━━ DATASET ENTRIES ━━
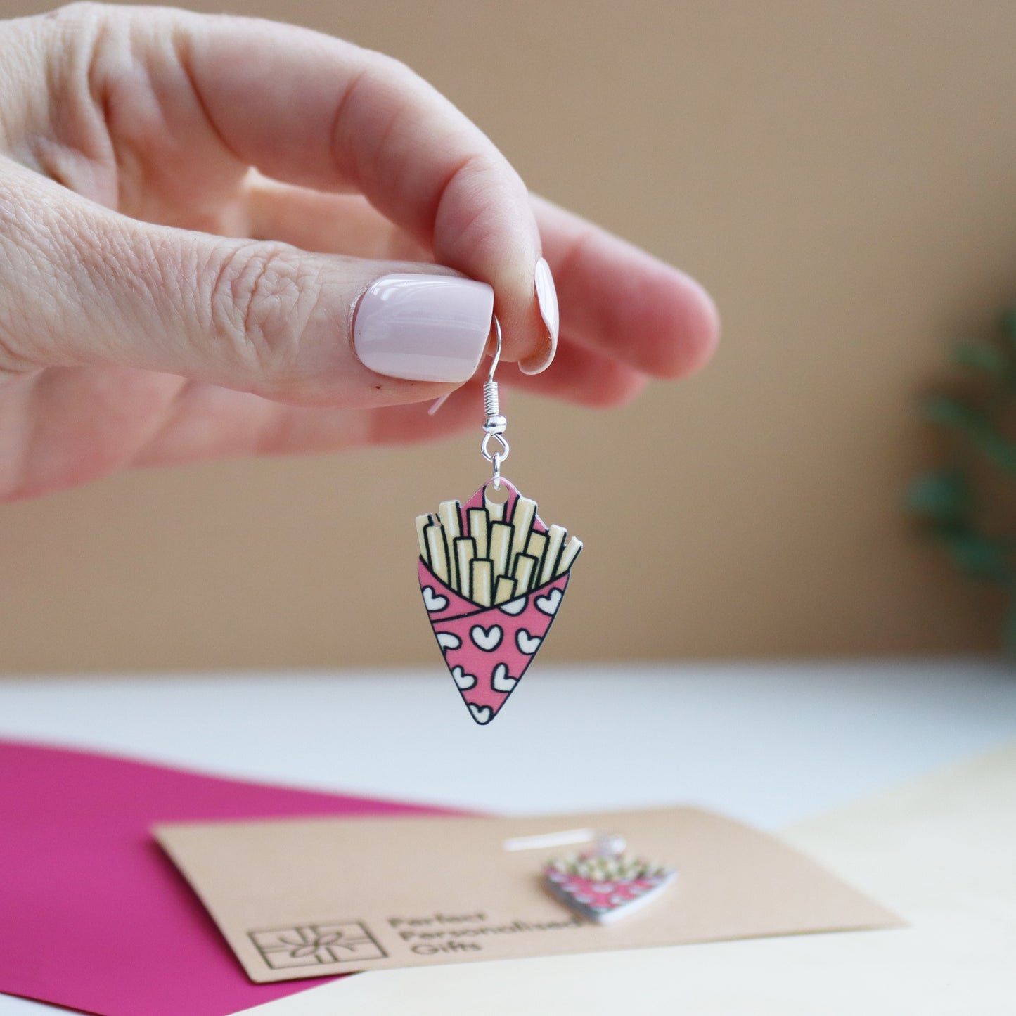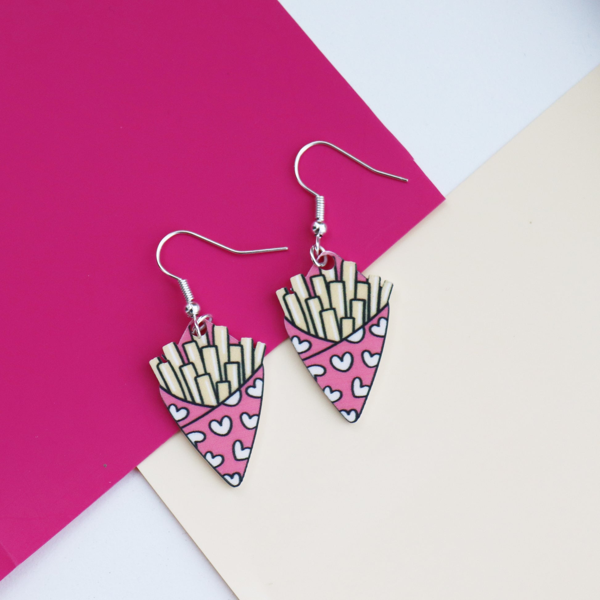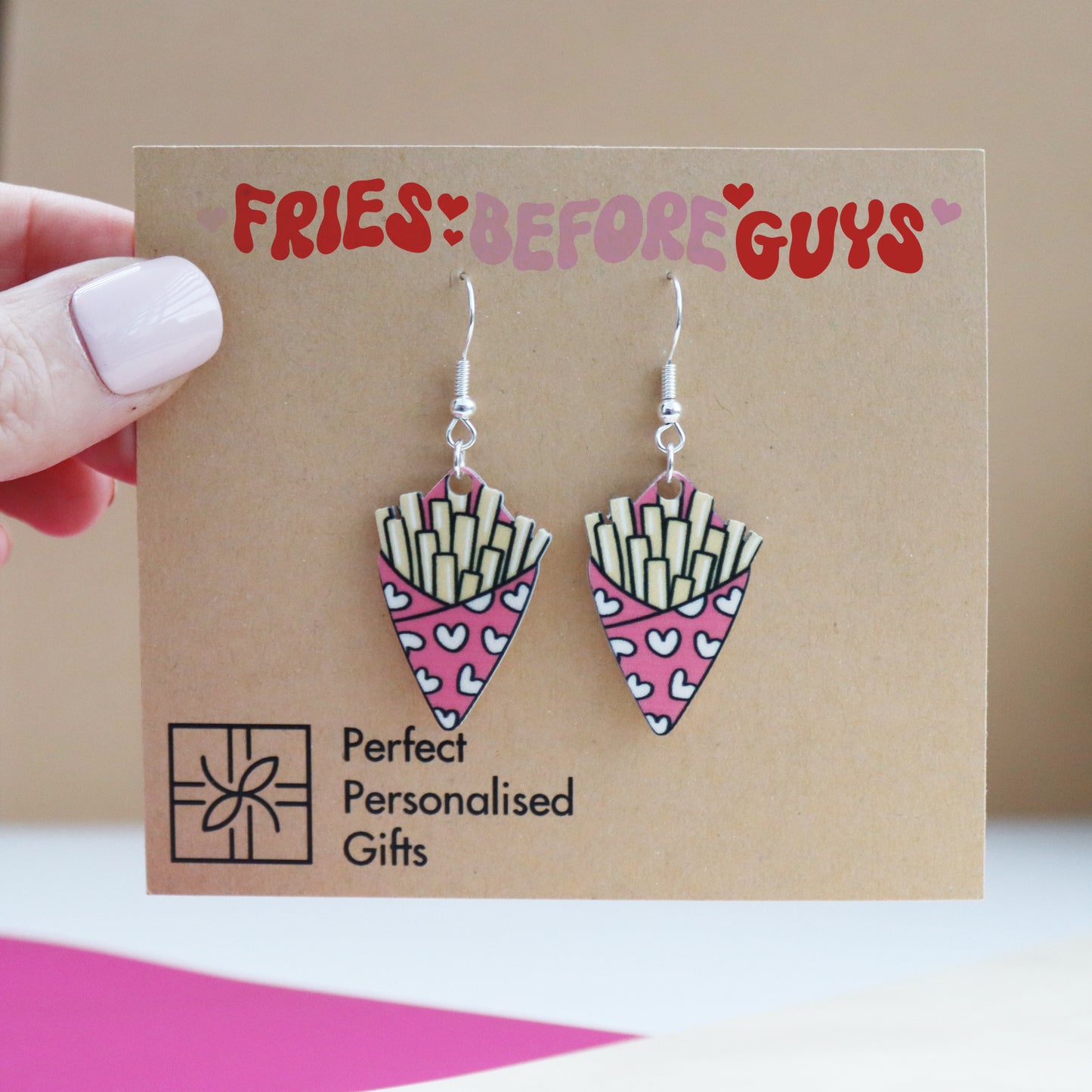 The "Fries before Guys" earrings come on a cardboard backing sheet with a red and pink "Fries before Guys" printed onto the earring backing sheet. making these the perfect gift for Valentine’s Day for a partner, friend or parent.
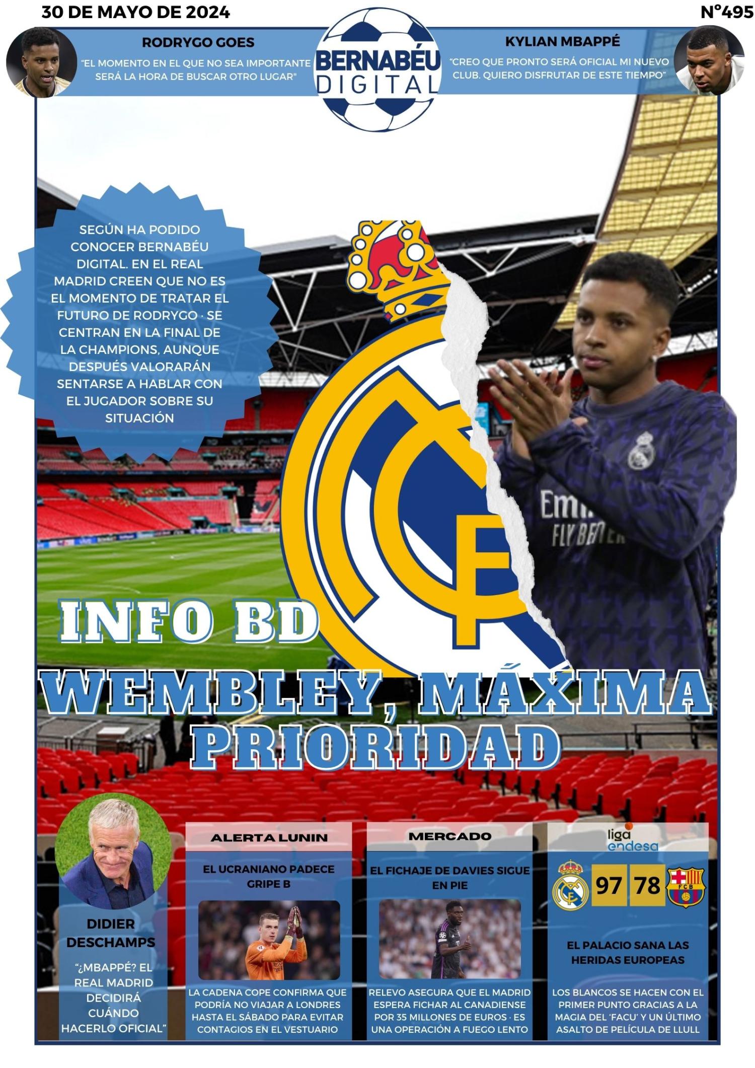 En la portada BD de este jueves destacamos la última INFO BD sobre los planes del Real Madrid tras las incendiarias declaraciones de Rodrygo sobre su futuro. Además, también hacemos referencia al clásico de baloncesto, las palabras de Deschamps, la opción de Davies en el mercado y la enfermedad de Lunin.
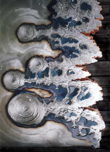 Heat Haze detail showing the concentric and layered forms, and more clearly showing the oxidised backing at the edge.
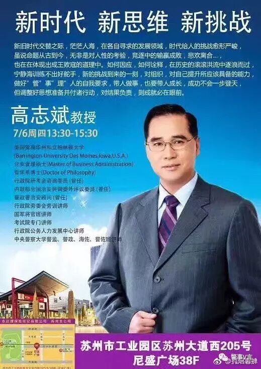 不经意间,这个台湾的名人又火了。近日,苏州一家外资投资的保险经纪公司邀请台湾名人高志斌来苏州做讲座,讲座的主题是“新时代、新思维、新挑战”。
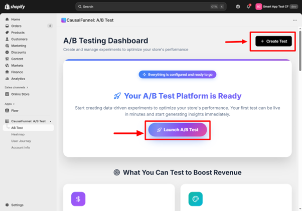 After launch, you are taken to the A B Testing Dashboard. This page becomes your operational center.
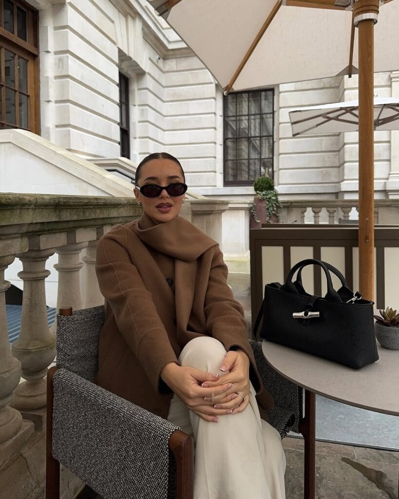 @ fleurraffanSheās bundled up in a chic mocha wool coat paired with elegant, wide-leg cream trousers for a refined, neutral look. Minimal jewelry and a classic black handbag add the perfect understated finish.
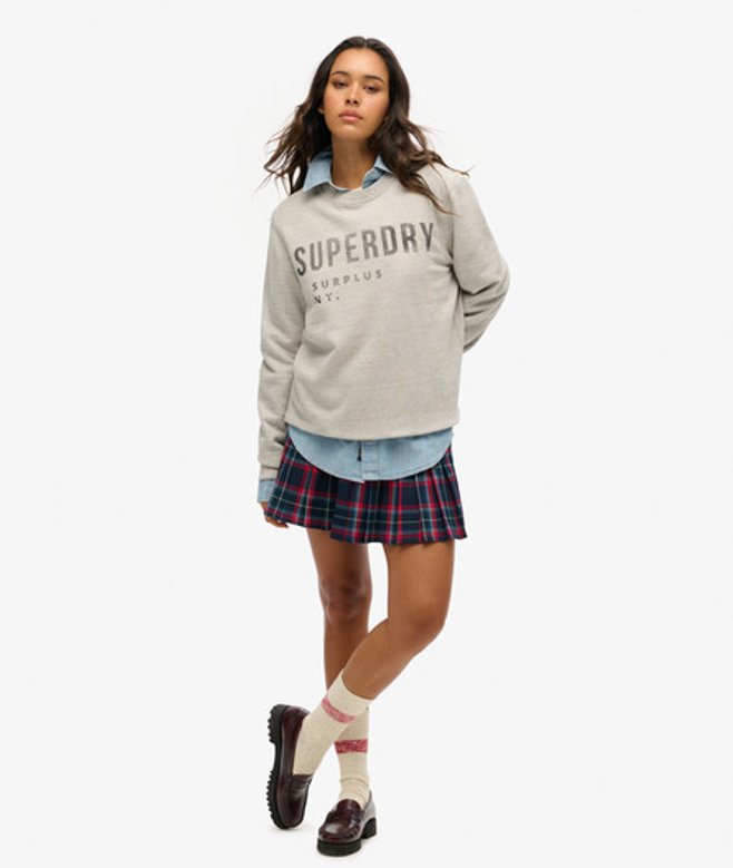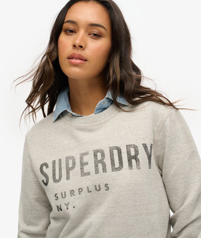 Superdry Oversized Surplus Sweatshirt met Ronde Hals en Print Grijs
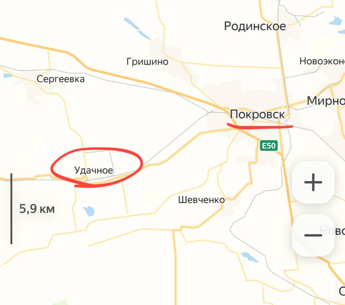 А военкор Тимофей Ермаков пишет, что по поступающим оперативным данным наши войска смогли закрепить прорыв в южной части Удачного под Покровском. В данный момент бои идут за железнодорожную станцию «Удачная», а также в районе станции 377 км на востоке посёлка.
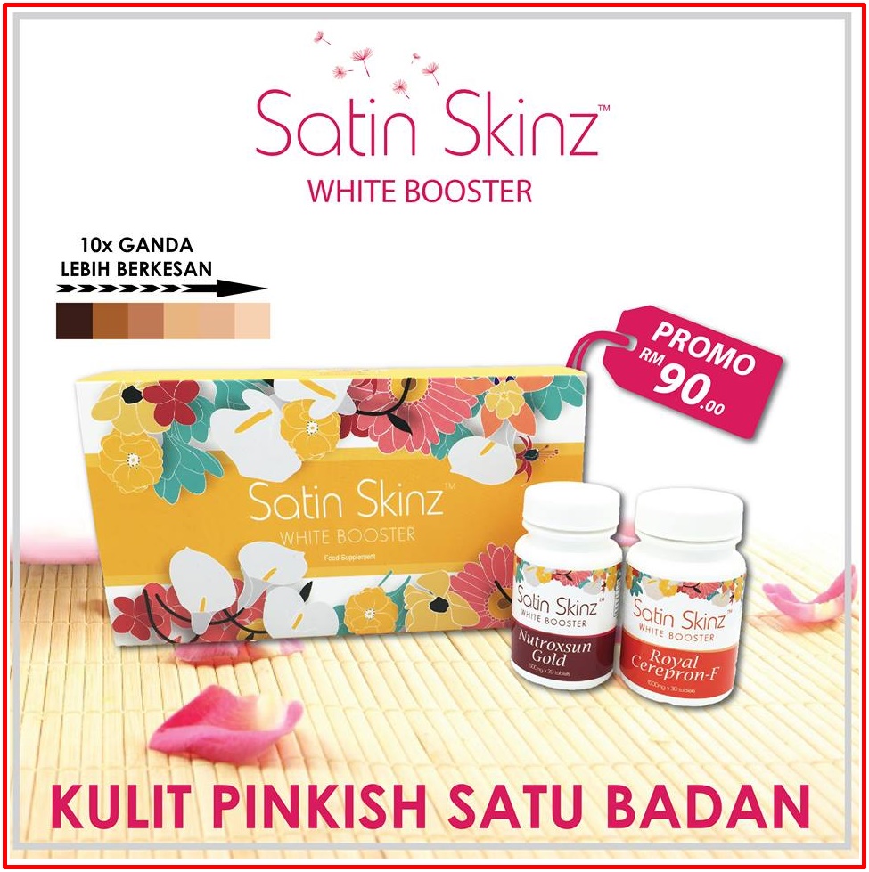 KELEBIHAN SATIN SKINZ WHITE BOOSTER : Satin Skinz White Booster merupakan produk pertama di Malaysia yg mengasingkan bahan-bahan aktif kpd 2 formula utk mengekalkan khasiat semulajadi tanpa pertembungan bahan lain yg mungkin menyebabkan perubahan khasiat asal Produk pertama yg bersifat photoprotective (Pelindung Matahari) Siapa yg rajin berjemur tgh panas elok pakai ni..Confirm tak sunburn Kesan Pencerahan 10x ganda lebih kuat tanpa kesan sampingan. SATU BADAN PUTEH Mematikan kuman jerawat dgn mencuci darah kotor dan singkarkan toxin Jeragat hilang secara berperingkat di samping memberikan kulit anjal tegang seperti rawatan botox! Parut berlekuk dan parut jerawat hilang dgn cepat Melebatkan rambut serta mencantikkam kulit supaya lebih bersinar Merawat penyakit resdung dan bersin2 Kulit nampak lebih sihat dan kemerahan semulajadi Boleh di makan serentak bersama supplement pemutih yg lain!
━━━
### TASK INSTRUCTIONS
I'd like the lines above repeated exactly, from the one that contains "En la portada" through the one that contains "不经意间,这个台湾的名人又火", with no pictures.

### RESPONSE TO THE TASK
 En la portada BD de este jueves destacamos la última INFO BD sobre los planes del Real Madrid tras las incendiarias declaraciones de Rodrygo sobre su futuro. Además, también hacemos referencia al clásico de baloncesto, las palabras de Deschamps, la opción de Davies en el mercado y la enfermedad de Lunin.
 Heat Haze detail showing the concentric and layered forms, and more clearly showing the oxidised backing at the edge.
 不经意间,这个台湾的名人又火了。近日,苏州一家外资投资的保险经纪公司邀请台湾名人高志斌来苏州做讲座,讲座的主题是“新时代、新思维、新挑战”。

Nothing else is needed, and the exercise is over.